I am starting a new discussion thread on Aminex because, in my opinion, the company has transformed significantly since the appointment of Stuard Detmer (SD) as CEO in September 2011.
In particular, whilst previously the company had a global spread of assets (and we had separate threads covering each). SD has now decided to focus exclusively on Africa, and other assets will be progressively divested. With the East African margin now having been proven as a major gas province, and plans for major LNG facilities under development, offering a route to market, that casts a new light on the value of Aminex's East African assets.
NB, as moderator, I do not intend to permit discussion of hour by hour price moves or long debates about T.A. here. If anyone wishes to discuss those, I suggest that you start your own thread.
Readers can download a detailed article on Aminex's strategy, that I wrote after the May 2012 AGM. You will note that several of the "next events" mentioned then have now occurred or are well underway. I won't repeat the ground covered in that article here.
Let's begin with some maps from Aminex's latest presentation, published today. The first shows Aminex's acreage (the Nyuni and Ruvuma PSAs) in the context of recent discoveries:
Next we have some detail on the Ruvuma PSA:
Route to Market
Besides the likely future LNG developments, Aminex's Ruvuma PSA benefits from a major pipeline development that has just begun. This will run some 25km from the Ntorya disovery, thus providing an export route for domestic consumption.
Aminex's prospects look exciting: there are a lot of interesting and potentially transformative leads in the Nyuni and Ruvuma acreage, as can be seen from the recent resource report and presentation. That prospectivity, however, is underpinned by significant tangible assets:
These are currently being sold. It is hard to judge what they might fetch, but US producing assets are often sold on the basis of existing production. A typical/conservative figure is US$50,000 per boepd (allowing for a significant gas element).
Aminex's 2011 production was 130,250 boe, i.e. 357 boepd. That gives an estimated value of ~$18m (£11m).
The resource report shows discovered GIIP of 178*75% for Ntorya plus 45*70% for KN-1 = 165bcf net to Aminex.
We can value that gas by comparison to Cove Energy (LON:COV) 's offshore Mozambique discoveries. Cove's latest presentation (slide 8) shows that they have discovered ~70*8.5% = 6tcf of GIIP. Cove's market cap. is currently £1,358m. So that yields a value of £0.23m per bcf - i.e. £38m
So, that gives a reasonable value for known assets of £49m.
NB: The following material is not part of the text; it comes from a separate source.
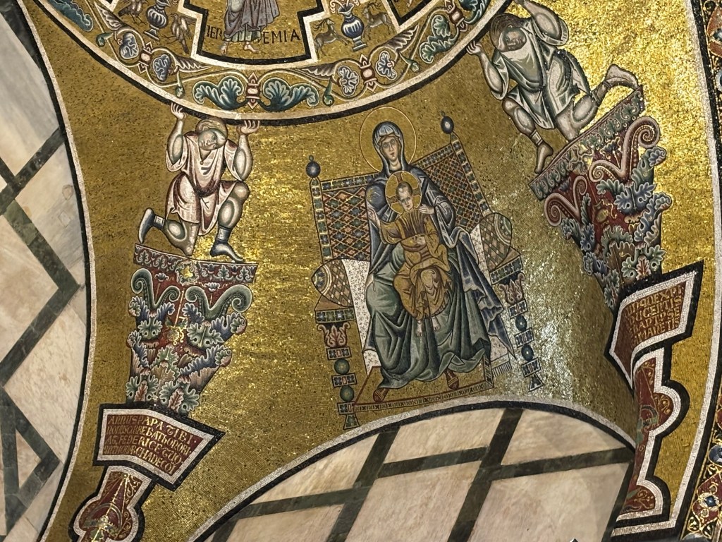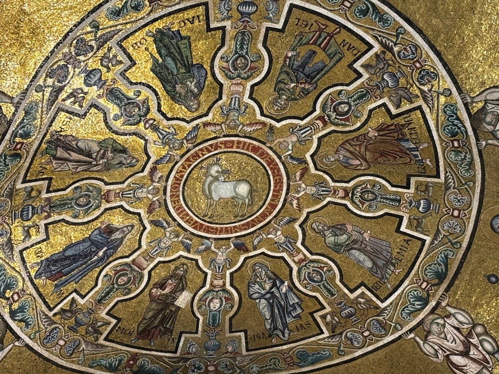 La mosaïque la plus impressionnante est celle du Christ juge qui domine la voûte. Il t’observe, immense et majestueux, les bras ouverts, entouré des élus et des damnés. Autour, huit registres illustrent des scènes de la Genèse, des récits de Saint Jean-Baptiste, du Christ et de la Vierge. C’est un véritable livre d’images en or et en couleurs, où chaque détail est pensé pour capter ton regard. Je n’en verrais qu’une reproduction !

This allows nothing for cash (level unknown at present), the Amossco service company or, of course, upside prospectivity.
Let the debate begin...
The author may hold shares in this company, all opinions are his own and you should check any statements that appear factual and not rely on them before making an investment decision. The author is NOT a qualified analyst nor authorised to give investment advice. Whilst the author is a director of ShareSoc, all views expressed are entirely his own and not necessarily those of ShareSoc.